“We are not living in the 16th century, and whatever is called Anabaptism today inevitably looks and sounds quite different,” said Paul Martens during a recent talk entitled “Neo-Anabaptism is dead: Long live neo-Anabaptism” at the Menno Simons Centre in Vancouver. Hence “neo-Anabaptism” is a way of naming the connections between the past and present: a new way of understanding the past.
Martens, an associate professor of theology at Baylor University in Waco, Tex., is a native of Manitoba who studied at Providence College, Regent College and Notre Dame University.
The Anabaptist vision of the past served us well, but we no longer live in that time and place, he said. “The threat of the draft—the threat of turning the church into an instrument of killing—is past. We are part of the dominant culture. . . . The recognition that we are already deeply integrated into a way of life . . . is a new challenge facing Christians seeking to live with integrity in North America today.”

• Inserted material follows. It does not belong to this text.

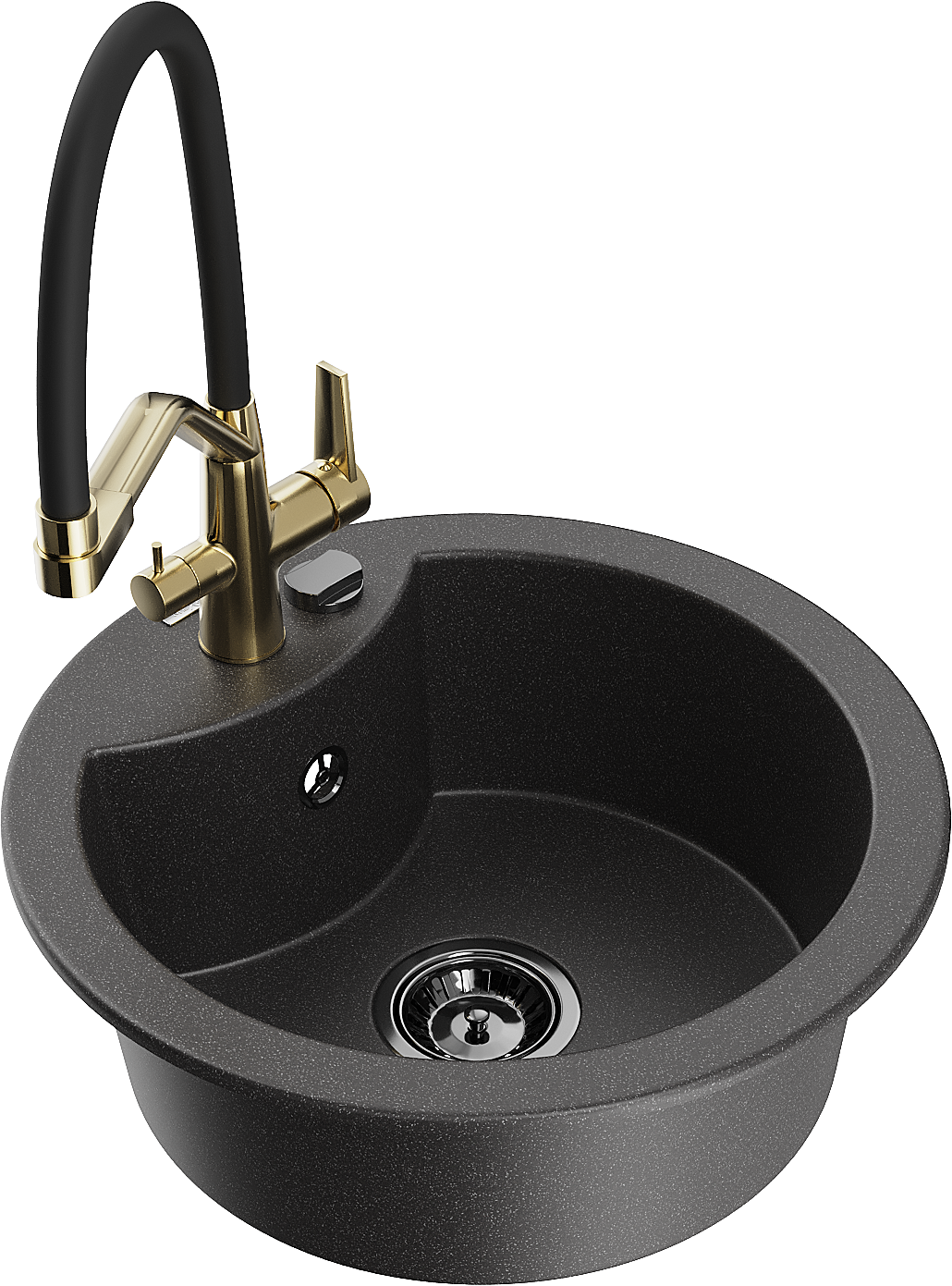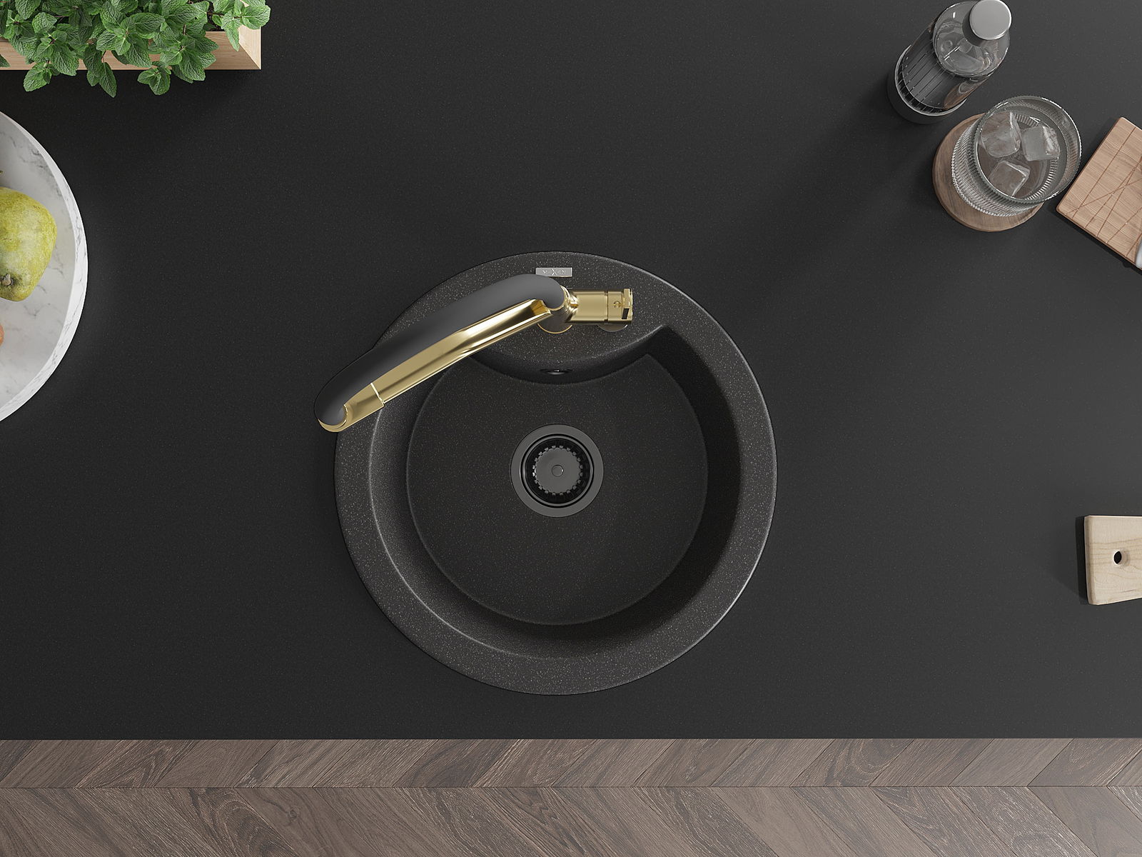 Mexen Diego granitizlietne ar vienu nodalījumu un virtuves jaucējkrānu Duo, melns ar punktiem - 6512-76-671701-57-B

He said that we have yet to come to grips, theologically and spiritually, with the reality that we are the world.
He described our new reality as containing “highly advanced modes of colonizing,” noting that we eat tomatoes picked by “virtual slaves” in Mexico; drink from aluminum cans made from bauxite, which is mined in India and Guyana; recycle our clothing, which is shipped to Africa, where it floods the market and destroys indigenous garment-based livelihoods.
Looking at the world with “new eyes” places new demands on those in the Anabaptist tradition. Martens points to Stuart Murray, Shane Claiborne and Brian McLaren, who “don’t look like Mennonites—at least not like those of us who have grown up Mennonite—but they have rightly plundered the tradition.”

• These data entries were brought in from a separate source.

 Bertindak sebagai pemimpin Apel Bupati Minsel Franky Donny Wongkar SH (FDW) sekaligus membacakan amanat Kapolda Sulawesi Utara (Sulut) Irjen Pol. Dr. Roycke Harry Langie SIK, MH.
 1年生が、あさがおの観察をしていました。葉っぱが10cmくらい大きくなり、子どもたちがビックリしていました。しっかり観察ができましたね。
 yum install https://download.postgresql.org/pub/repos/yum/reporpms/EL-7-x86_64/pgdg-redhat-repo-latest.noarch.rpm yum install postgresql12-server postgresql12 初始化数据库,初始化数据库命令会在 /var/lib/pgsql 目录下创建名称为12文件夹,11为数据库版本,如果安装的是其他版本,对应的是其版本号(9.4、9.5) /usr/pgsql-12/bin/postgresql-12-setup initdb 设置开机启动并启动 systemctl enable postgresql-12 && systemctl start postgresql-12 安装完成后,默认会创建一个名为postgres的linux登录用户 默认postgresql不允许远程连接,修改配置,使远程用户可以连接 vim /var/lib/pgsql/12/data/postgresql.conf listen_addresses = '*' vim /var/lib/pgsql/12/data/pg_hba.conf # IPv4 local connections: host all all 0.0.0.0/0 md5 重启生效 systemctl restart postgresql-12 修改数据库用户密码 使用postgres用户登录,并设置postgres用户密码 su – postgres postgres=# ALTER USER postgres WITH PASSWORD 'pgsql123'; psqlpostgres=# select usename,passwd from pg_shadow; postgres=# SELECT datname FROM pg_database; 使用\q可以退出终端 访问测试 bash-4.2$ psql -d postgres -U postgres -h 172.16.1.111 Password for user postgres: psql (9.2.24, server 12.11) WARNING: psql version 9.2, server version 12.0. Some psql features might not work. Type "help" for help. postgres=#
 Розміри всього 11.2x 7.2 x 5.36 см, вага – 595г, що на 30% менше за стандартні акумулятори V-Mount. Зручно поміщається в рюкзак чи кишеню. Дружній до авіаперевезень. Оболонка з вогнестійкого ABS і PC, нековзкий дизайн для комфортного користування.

It’s important to recognize, said Martens, that those of us with genetic or denominational ties to Anabaptism are few in number but are apparently large in influence. As we move forward without knowing what the future holds, how should we live with what we have to offer the rest of the world?
With humility, liberality, conviction and hope.
“Even the early Anabaptists didn’t think they had cornered the market on renewal and reformation in the church,” he said, so in humility we need to recognize that we, too, might be in need of renewal and reform. So we should not shy away from uncomfortable questions. “[W]e must humbly admit that we have much to learn as a community,” he said.
We should liberally share our distinctiveness. “If it’s worth anything to us, it is worth the same to the rest of the Christian church and . . . the world,” he said. In other words, we should not be jealous if others use the gifts of our tradition in their own ways.
Further, we need to live with conviction. Anabaptism is not merely a group of ideas, it is a lived tradition. “[I]f that tradition is to be the salt and light for the world, it has to have something to offer,” he said.
Our world needs hope. While fear of crime, Muslims, immigrants and of the unknown is alive and well, we need to express the hope that love overcomes fear, even if it means giving up one’s life. “To love the other, we do not worry about self-preservation but hope for the future and work in that direction.”
Martens sees hope as new forms of Anabaptism are beginning to breathe new life into Christianity in unexpected places. “[W]e ought to listen to and encourage this new life,” Martens said, “humbly recognizing that we do not have all the answers, sharing liberally what we have carefully nurtured and cultivated, with the hope and expectation that even in these days God will pour out God’s Spirit on all peoples.”
To play even a small part in that is probably enough, he concluded.
Henry Neufeld attends Point Grey Inter-Mennonite Fellowship in Vancouver.